Certamente quem escreveu a matéria desconhece o grande texto de Hanna Arendt, filósofa de origem judaica, incumbida de reportar o julgamento de ninguém menos do que Adolph Eichmann, em Jerusalém. O grande insight de Arendt em "A Banalidade do Mal", foi dizer que Eichmann era uma criatura medíocre, normalísima, apenas preocupado em encher os trens de judeus para Auchwitz e outros campos do III Reich. Banalidade do mal perpetrado por pessoas normais, não por psicopatas. Aí reside o nó. O perigo. Arendt foi além! Mostrou a colaboração das autoridades judaicas no Holocausto. A comunidade judaica ficou furiosa, claro. Saiu um filme sobre o assunto em 2014. Vale ver.
E o que era o coronel Malhães perto de Adolph Eichman? Poupemos a história - poupemo-nos - desta comparação.
Uma formiga, um verme, diante de uma barata.
Há boa bibliografia brasileira, embora rara - e bloqueada pelos ideólogos da resistência - tratando das colaboradores do regime ou da ditadura militar (ou ditadura civil-militar, como queiram), bem como sobre a complexidade social, política e intitucional do regime que começou em 64 e terminou em...79, 80, 84, 89.
Who Knows? Who cares?
As verdades das Comissões de Verdade são patéticas: expõem fatos verdadeiros que todos já sabiam.... As interpretações são piores. Podem inspirar algum samba de carnaval em 2015. Com tema politizado e lúgrube. Skindô nhô, nhô. Nada além disso.
A história sai perdendo. A memória ganha, incluindo seus acólitos e beneficiário$.
*RONALDO VAINFAS é licenciado em História pela Universidade Federal Fluminense (1978), onde também fez o mestrado em História do Brasil (1983).

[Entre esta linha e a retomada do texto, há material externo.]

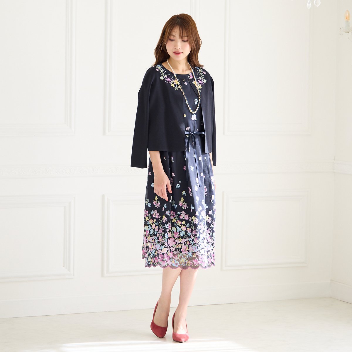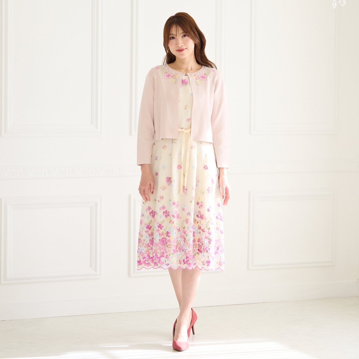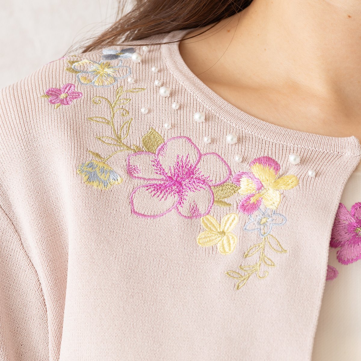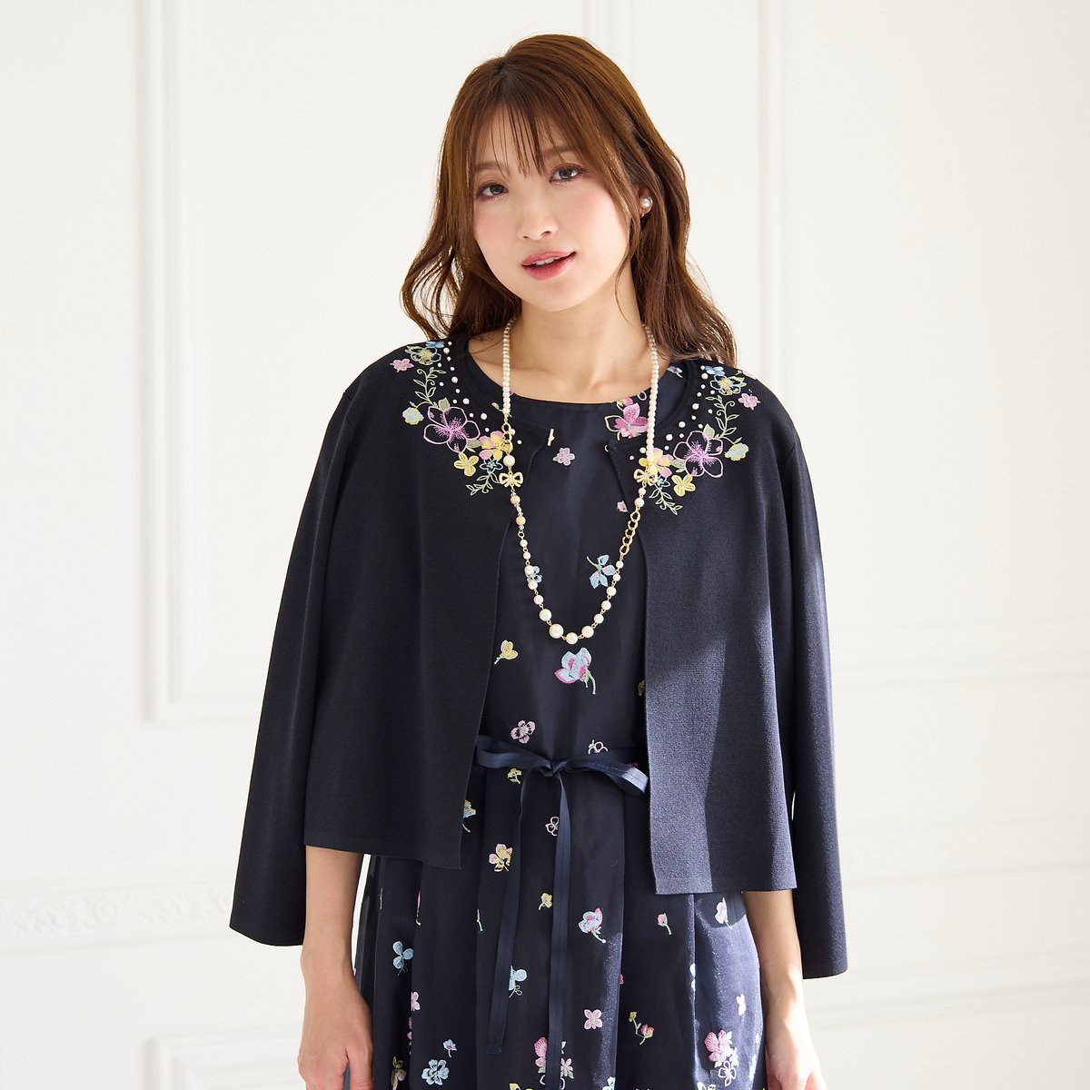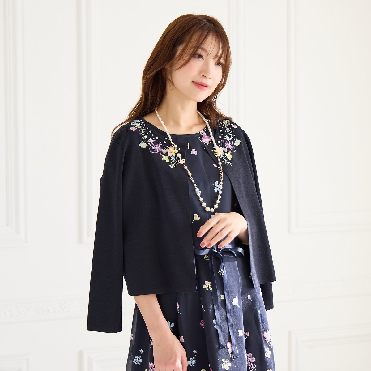 【SALE/10%OFF】Rose Tiara フラワー刺繍ニットカーディガン ローズティアラ トップス カーディガン ブルー ベージュ【送料無料】

Em 1988, concluiu o doutorado em História Social pela Universidade de São Paulo. Em 2007, concluiu o pós-doutorado na Universidade de Lisboa. É considerado um dos principais historiadores do país, inclusive vencedor de prêmios como o Prêmio Literário 2009, concedido pela Fundação Biblioteca Nacional e um dos principais do Brasil.